Fluent but Unfeeling: The Emotional Blind Spots of Language Models
- URL: http://arxiv.org/abs/2509.09593v1
- Date: Thu, 11 Sep 2025 16:31:13 GMT
- Title: Fluent but Unfeeling: The Emotional Blind Spots of Language Models
- Authors: Bangzhao Shu, Isha Joshi, Melissa Karnaze, Anh C. Pham, Ishita Kakkar, Sindhu Kothe, Arpine Hovasapian, Mai ElSherief,
- Abstract summary: A critical gap remains in evaluating whether Large Language Models (LLMs) align with human emotions at a fine-grained level.<n>We introduce Express, a benchmark dataset curated from Reddit communities featuring 251 fine-grained, self-disclosed emotion labels.<n>Our comprehensive evaluation framework examines predicted emotion terms and decomposes them into eight basic emotions using established emotion theories.

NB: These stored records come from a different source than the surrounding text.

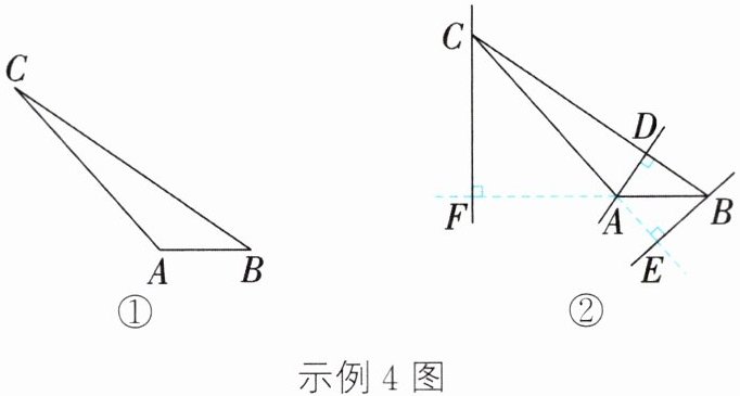 - 示例4:如图①,在三角形 $ABC$ 中,$\angle BAC$ 为钝角。
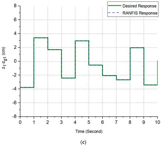 As shown in Figure 8, the MBNN method produced high-amplitude oscillations; the peak value was 7.0 cm, the peak time was 8.3 s, the rise time was 0.50 s, the settling time was over 5.0 s, and the steady-state error was −0.6 cm. With ANFIS, the peak value was 4.2 cm, the peak time was 9.0 s, the rise time was 0.35 s, the settling time was 3.2 s, and the steady-state error was −1.0 cm. RANFIS, on the other hand, tracked the reference almost flawlessly; the peak value was obtained as 0.25 cm, the peak time as 0.35 s, the rise time as 0.20 s, the settling time as 0.90 s, and the steady-state error as less than 0.05 cm. These metrics clearly show that RANFIS provides a significantly superior control performance in terms of vibration suppression and comfort in the nose landing gear.
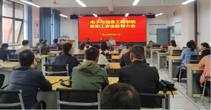 2023年9月27日下午,电子与信息工程学院在逸夫科技楼B602开展教职工安全教育大会,万象城娱乐awc线路领导班子成员及全体教职工参加,会议由院长陈守满主持。
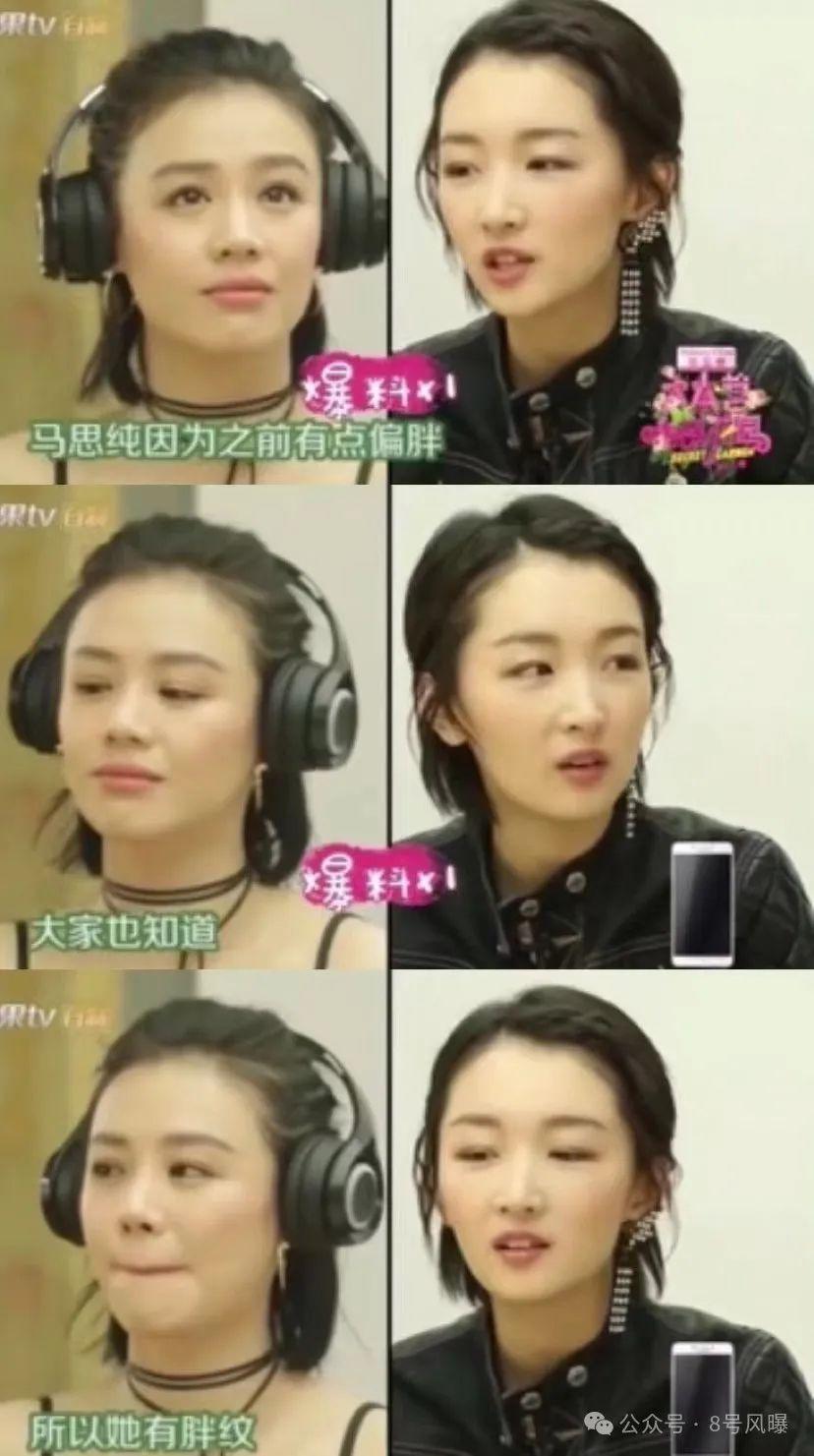 二人参加综艺《快乐大本营》时,周冬雨还爆料只有自己知道马思纯的身上有几处肥胖纹,还说是因为她之前很胖。
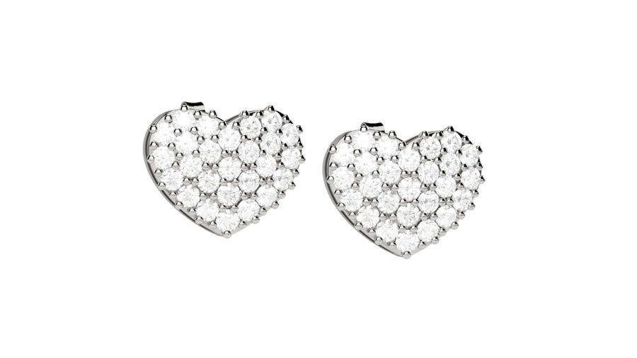 Orecchini cuore in oro bianco 18KT con pavé di diamanti
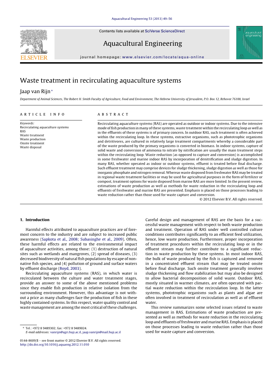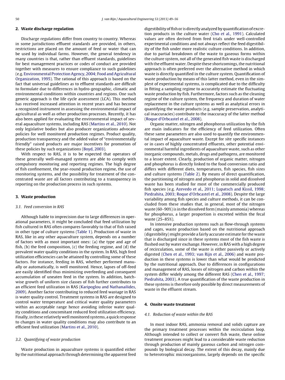 本综述总结了循环水产养殖系统中与废物管理相关的一些选定问题。对淡水和海洋循环水产养殖系统循环回路和废水中的废物产生情况进行了估算,并提出了减少废物的方法。其中的重点放在减少废物的工艺上,而不是用于废物捕获和转化的过程。
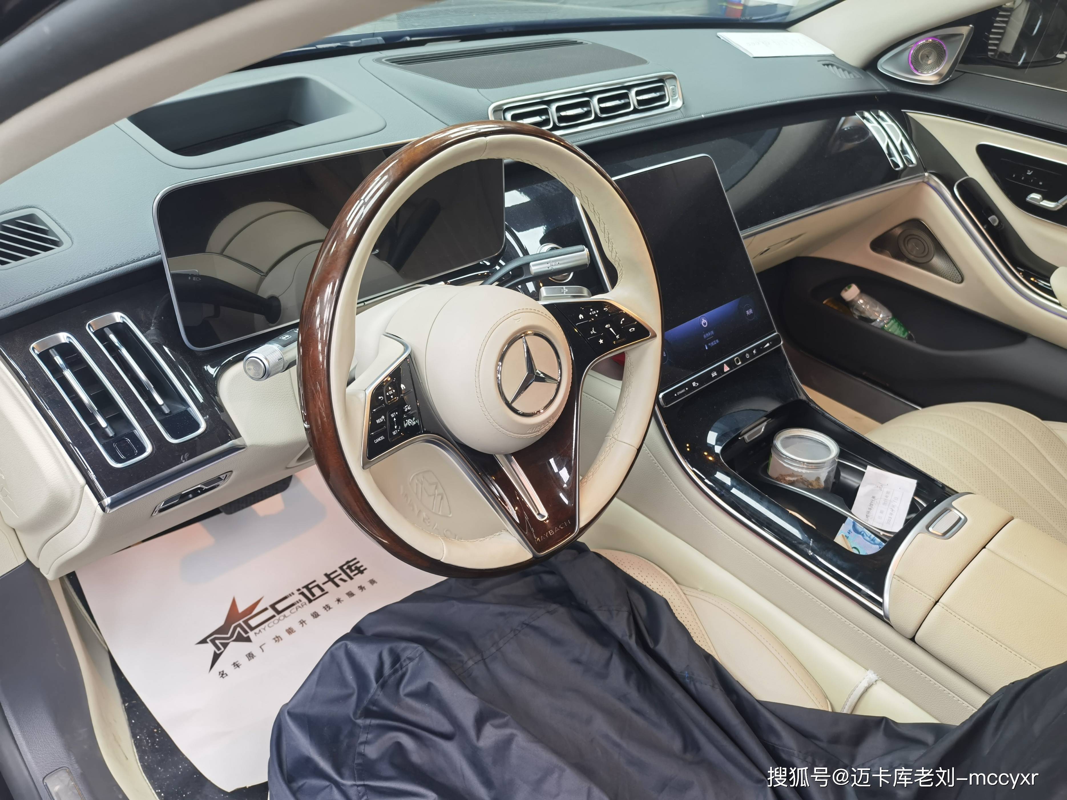 原车内饰采用的是白杨木饰板,并且更换了迈巴赫S480的桃木方向盘,稍显遗憾的是,早期迈巴赫S级的内饰桃木,选择了多疤胡桃木色,与黑色桃木饰板内饰相比,略显不协调。尽管如此,这并不影响它在细节之处展现出的独特韵味与匠心独运。
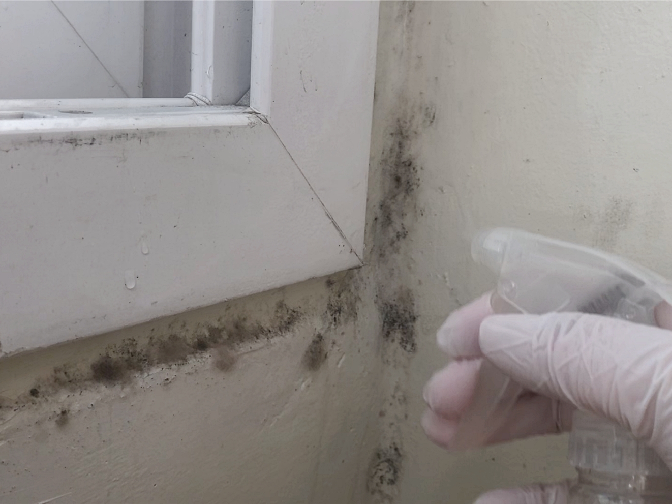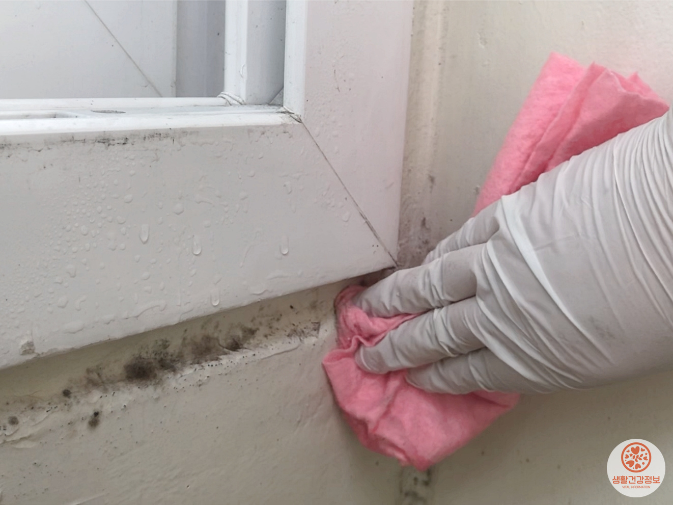 곰팡이 핀 벽을 마른 걸레로 닦아서

- Score: 1.248728117157669
- License: http://creativecommons.org/licenses/by/4.0/
- Abstract: The versatility of Large Language Models (LLMs) in natural language understanding has made them increasingly popular in mental health research. While many studies explore LLMs' capabilities in emotion recognition, a critical gap remains in evaluating whether LLMs align with human emotions at a fine-grained level. Existing research typically focuses on classifying emotions into predefined, limited categories, overlooking more nuanced expressions. To address this gap, we introduce EXPRESS, a benchmark dataset curated from Reddit communities featuring 251 fine-grained, self-disclosed emotion labels. Our comprehensive evaluation framework examines predicted emotion terms and decomposes them into eight basic emotions using established emotion theories, enabling a fine-grained comparison. Systematic testing of prevalent LLMs under various prompt settings reveals that accurately predicting emotions that align with human self-disclosed emotions remains challenging. Qualitative analysis further shows that while certain LLMs generate emotion terms consistent with established emotion theories and definitions, they sometimes fail to capture contextual cues as effectively as human self-disclosures. These findings highlight the limitations of LLMs in fine-grained emotion alignment and offer insights for future research aimed at enhancing their contextual understanding.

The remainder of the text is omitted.